Stored entries =
====================

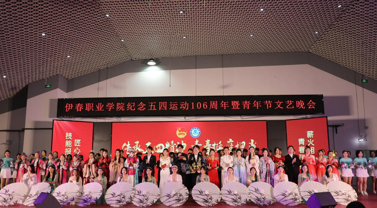 崢嶸歲月,韶光似箭;逐夢青春,風(fēng)華正茂。為紀(jì)念五四運動106周年,傳承歷久彌新的五四精神,展現(xiàn)新時代青年的青春風(fēng)采,4月29日晚,伊春職業(yè)學(xué)院舉辦“傳承五四精神 青春挺膺擔(dān)當(dāng)”紀(jì)念五四運動106周年暨青年節(jié)文藝晚會。團(tuán)市委相關(guān)領(lǐng)導(dǎo),伊春職業(yè)學(xué)院黨委班子成員,各部門負(fù)責(zé)人,二級學(xué)院(部)黨支部書記、院長及全體學(xué)工人員出席活動。來自我校近千余名師生雅集一堂,共同以藝術(shù)之名致敬歷史,以青春之力續(xù)寫華章。
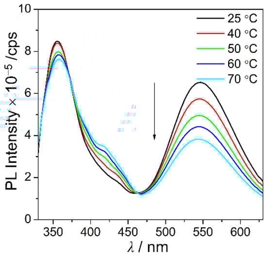 PL spectra of C2 in toluene (30 μM, λex = 322 nm) as functions of temperature.
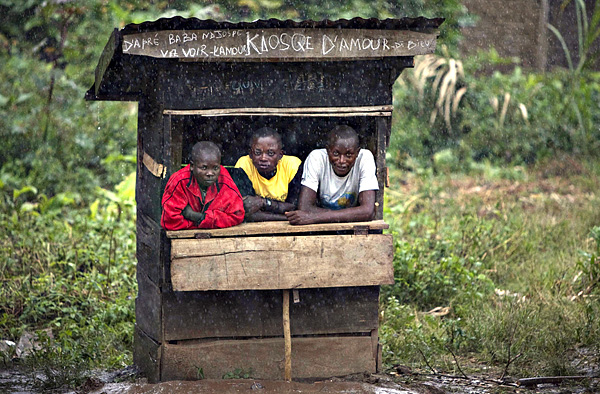2月4日,在剛果(金)東部的卡倫蓋村,幾名男子躲在小屋里避雨。新華社/路透
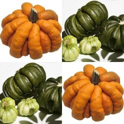 Een prachtige vrucht met zeer oude historie! We vinden deze Zuid-Mexicaanse pompoen als afbeelding op oude Maya potterij. Prachtige brede ribben en bobbels geven de vrucht een exotisch uiterlijk. Oogst ze jong voor een heerlijk, bolronde courgette (guicoyitos) of laat enkele vruchten uitgroeien tot ware sieraden voor de herfsttafel. Rijpe vruchten zijn uiteraard eetbaar als pompoenen met een frisse, iets zoete smaak.
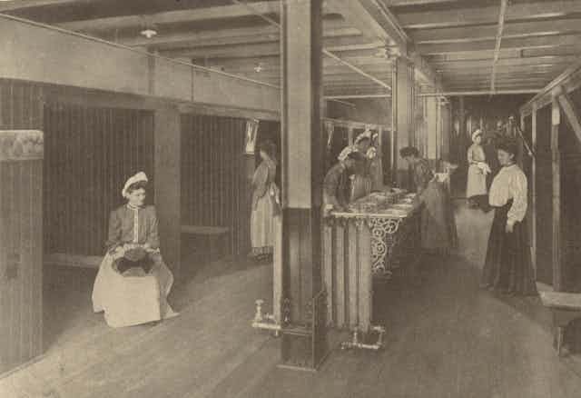 Architects and other planners began to cordon off various public spaces for the exclusive use of women. For example, a separate ladies’ reading room – with furnishings that resembled those of a private home – became an accepted part of American public library design. And in the 1840s, American railroads began designating a “ladies’ car” for the exclusive use of women and their male escorts. By the end of the 19th century, women-only parlor spaces had been created in other establishments, including photography studios, hotels, banks and department stores.
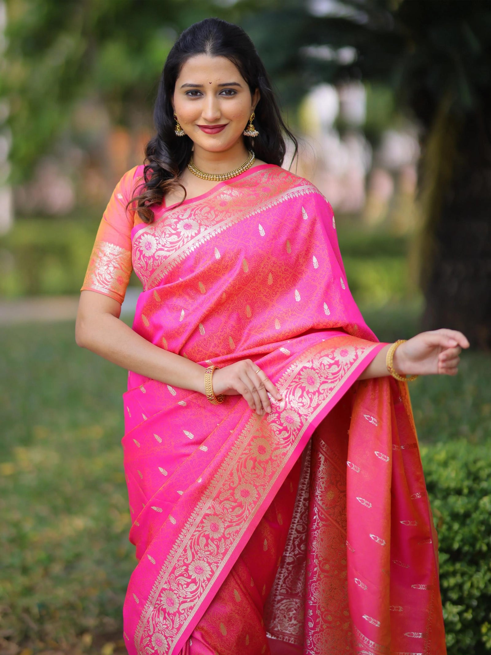 Embrace timeless beauty with this Tulip Pink Zari Weaving Banarasi Silk Saree, a masterpiece of traditional Indian weaving. Handcrafted from sumptuous silk, this saree features intricate zari embellishments that dance across the fabric, creating an ethereal shimmer with every drape.
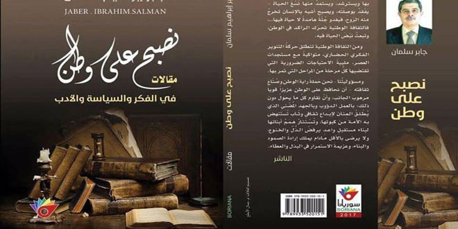 نصبح على وطن للأديب الدكتور جابر سلمان كتاب فيه مقالات أدبية جاءت بأشكال وأجناس مختلفة في الفكر والسياسة والأدب استندت في مضمونها على الحرب الإرهابية ضد سورية بأبعادها.
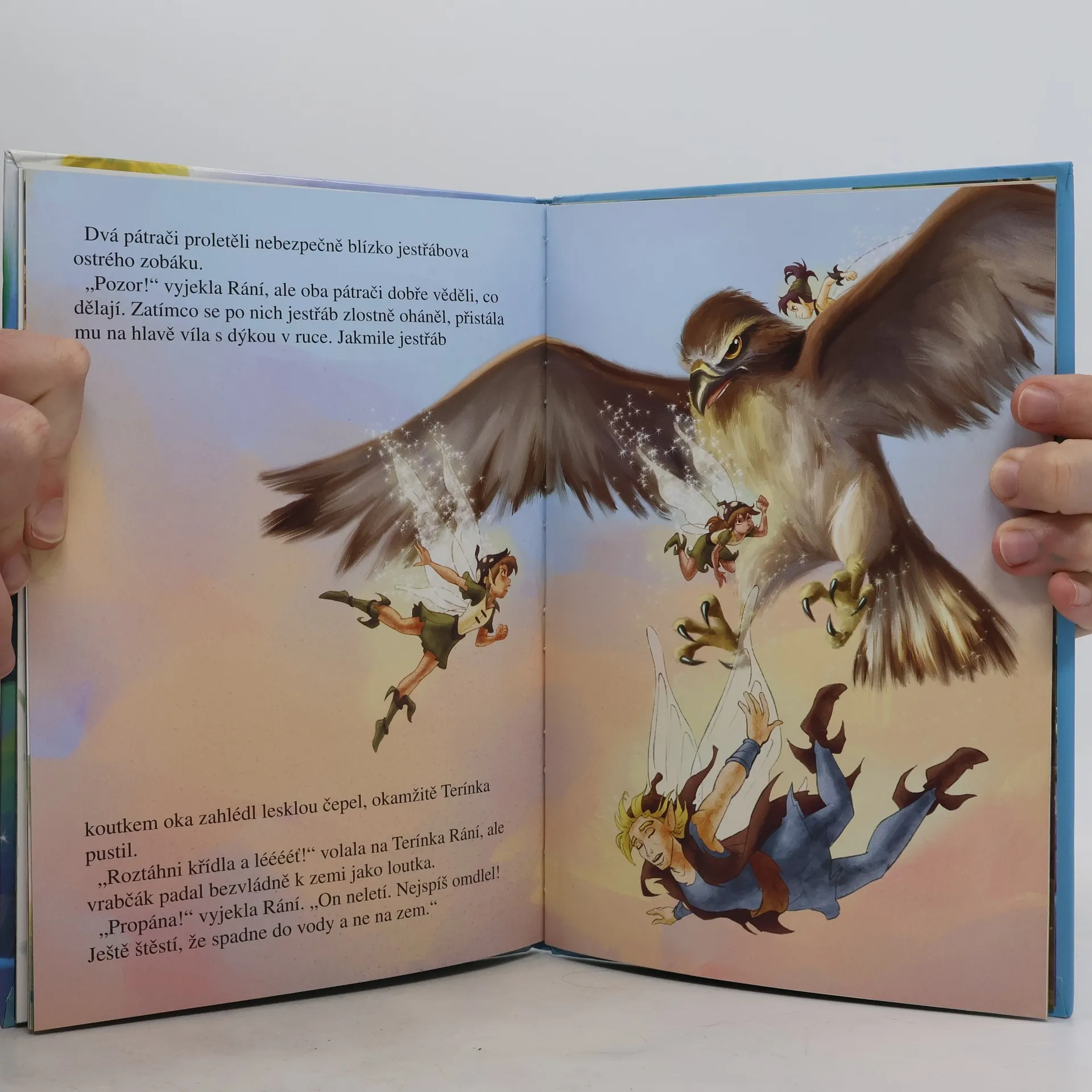 Kdesi daleko je země Nezemě a v ní žijí Petr Pan a jeho parta zvaná Ztracené kluci, kapitán Hák a jeho piráti a Indiáni, jejichž náčelník má dceru Tygří lilii. A také tam žije Matka holubice, víly a vílí kluci, kterým se říká vrabčáci. Jednou se stalo, že zlý hurikán odnesl Matce holubici kouzelné vejce. Tři víly dostaly za úkol přinést vejce zpět. Mezi nimi i Rání, víla s talentem pro vodu, která při tom obětovala svá křídla. Ale může být víla bez křídel vůbec užitečná? Může - dokáže totiž věci, které žádná jiná víla nedokáže. Co například? Otevřete si tuto knížku a pusťte se do čtení!

====================

What this task involves =
If a picture appears among the records, leave it out, and otherwise reproduce exactly every line from the first line through the one with "Een prachtige vrucht", both included.

Solution to the problem =
 崢嶸歲月,韶光似箭;逐夢青春,風(fēng)華正茂。為紀(jì)念五四運動106周年,傳承歷久彌新的五四精神,展現(xiàn)新時代青年的青春風(fēng)采,4月29日晚,伊春職業(yè)學(xué)院舉辦“傳承五四精神 青春挺膺擔(dān)當(dāng)”紀(jì)念五四運動106周年暨青年節(jié)文藝晚會。團(tuán)市委相關(guān)領(lǐng)導(dǎo),伊春職業(yè)學(xué)院黨委班子成員,各部門負(fù)責(zé)人,二級學(xué)院(部)黨支部書記、院長及全體學(xué)工人員出席活動。來自我校近千余名師生雅集一堂,共同以藝術(shù)之名致敬歷史,以青春之力續(xù)寫華章。
 PL spectra of C2 in toluene (30 μM, λex = 322 nm) as functions of temperature.
2月4日,在剛果(金)東部的卡倫蓋村,幾名男子躲在小屋里避雨。新華社/路透
 Een prachtige vrucht met zeer oude historie! We vinden deze Zuid-Mexicaanse pompoen als afbeelding op oude Maya potterij. Prachtige brede ribben en bobbels geven de vrucht een exotisch uiterlijk. Oogst ze jong voor een heerlijk, bolronde courgette (guicoyitos) of laat enkele vruchten uitgroeien tot ware sieraden voor de herfsttafel. Rijpe vruchten zijn uiteraard eetbaar als pompoenen met een frisse, iets zoete smaak.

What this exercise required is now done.